Aeroporto demonstrará quem manda no governo

Não há memória de uma decisão tão brutal e inusitada como aquela em que, sozinho, da sua coutada onírica, Pedro Nuno Santos (PNS) vinculou o país a dois aeroportos: Montijo e Alcochete. Note-se: não um. Dois. Numa responsabilidade pública de pelo menos oito mil milhões de euros. Aquele dia marcou uma nova fase da vida pública do Portugal pós-Sócrates. Um ministro, chefe de fação do PS, coloca em ação a Geringonça II. Achando que tinha poder para isso. Passando por cima do primeiro-ministro. É obra.

Como se manteve PNS em funções desde essa altura é o único mistério. Não por acaso, António Costa tinha considerado, na entrevista de dezembro à Visão, o "Aeroporto PNS" como o momento mais complexo que viveu ao longo de 2022. Porque tudo em PNS era "andar para a frente". Essa sobranceria levou a que, pela mesma altura, tenha achado irrelevante uma indemnização de 500 mil euros à gestora da TAP, Alexandra Reis, sem que isso a impedisse de ser presidente da NAV. Em que grupo privado alguém receberia 500 mil euros para passar de administradora despedida a presidente de outra empresa do mesmo patrão?

Agora, António Costa escolheu João Galamba para substituir PNS nas Infraestruturas. Galamba responde ao primeiro-ministro ou a PNS? A pergunta parece absurda, mas já nada é impossível. E por isso mesmo, a decisão sobre o aeroporto tem tudo para ser mais um ponto crítico em 2024, o tal ano Marcelo. É que, se não queria este ónus, Costa teria de ter escolhido uma figura nova e acima de suspeita para romper com as decisões pré-preparadas de PNS.

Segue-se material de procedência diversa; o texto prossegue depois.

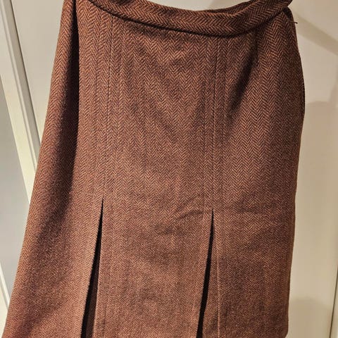 Størrelse: Merket 36, men jeg har flyttet på knappene så det passer en 40/42, M/L. Man kan fint flytte på dem igjen så skjørtet kan passe S/36 eller M/38.

O aeroporto representa, assim, uma batalha política com três contendores: 1) a Esquerda PNS-Geringonça, da Margem Sul (sobretudo Alcochete) e para quem a dimensão do gigantesco investimento público é apenas um detalhe técnico; 2) a fação Portela-Montijo, da ANA-Vinci, tendo José Luís Arnaut como o pivô político que abre todas as portas; 3) a correr pela pista de fora, a solução Santarém, com o ex-líder da Cisco em Portugal, Carlos Brazão + o grupo Barraqueiro, cuja relação com o governo pode estar estragada por causa da TAP, mas cujo trunfo político passa pelos autarcas do Centro do país. (Não é de descartar que Alverca se transforme na tábua de salvação da Vinci para não perder o monopólio do hub de Lisboa).

Dado importante: a ANA-Vinci alertou que, afinal, não paga o novo aeroporto - seja Montijo, seja Alcochete. Serão as taxas aeroportuárias a suportar os mil milhões do Montijo. Mas será o Estado a pagar Alcochete praticamente na íntegra, porque não há taxas que cubram aeroporto + acessos (8 mil milhões). Alverca tem um custo estimado de 500 milhões, suportado por taxas aeroportuárias. Santarém também anunciou não precisar de investimento público.

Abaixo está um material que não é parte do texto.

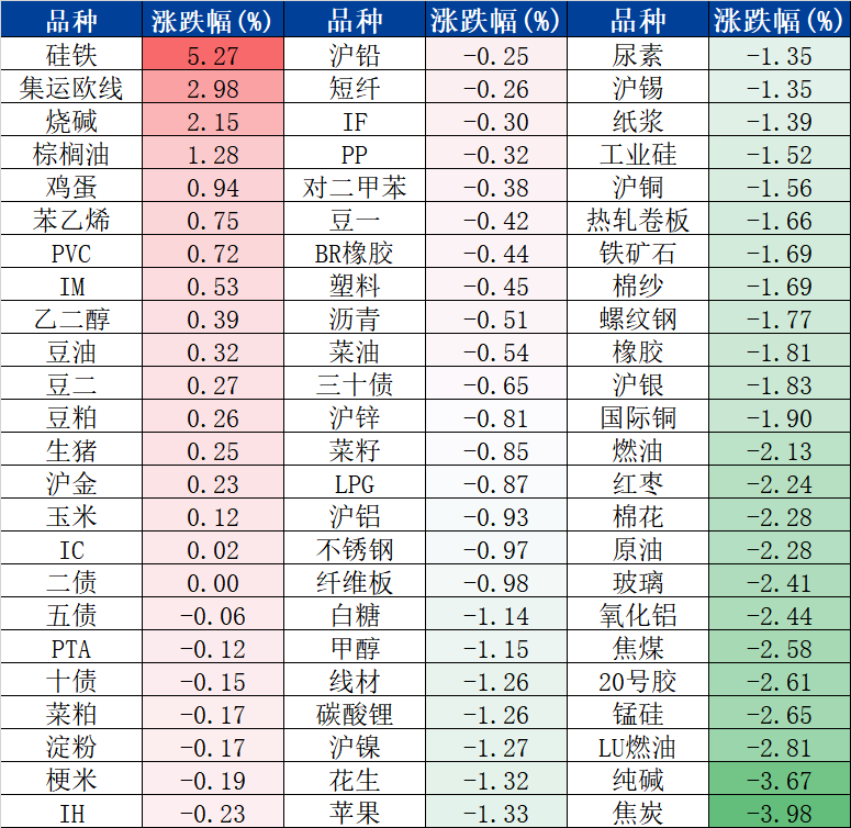 涨幅居前的三个品种分别是硅铁、集运欧线和烧碱;跌幅居前的是焦炭、纯碱和LU燃油。

A diferença significativa nesta batalha é de que "Santarém" cria concorrência aeroportuária à Vinci. E isso vale muito: o atual monopólio dos aeroportos nacionais, vendido em pacote pelo Governo Passos Coelho, é uma máquina de fazer dinheiro. Os franceses pagaram três mil milhões por 50 anos de concessão, em 2012, mas já lucraram perto de 1500 milhões em apenas 10 anos. E as taxas não param de subir.

A decisão do aeroporto mostrará se vence a ponderação do menor custo para o Estado, se o impacto ambiental também é tido em conta, ou se as guerras políticas dentro do PS e provavelmente no PSD, contam no momento decisivo. Com uma dúvida extra: Marcelo deve arbitrar esta contenda? É todo o atual sistema que estará em causa na transparência desta escolha.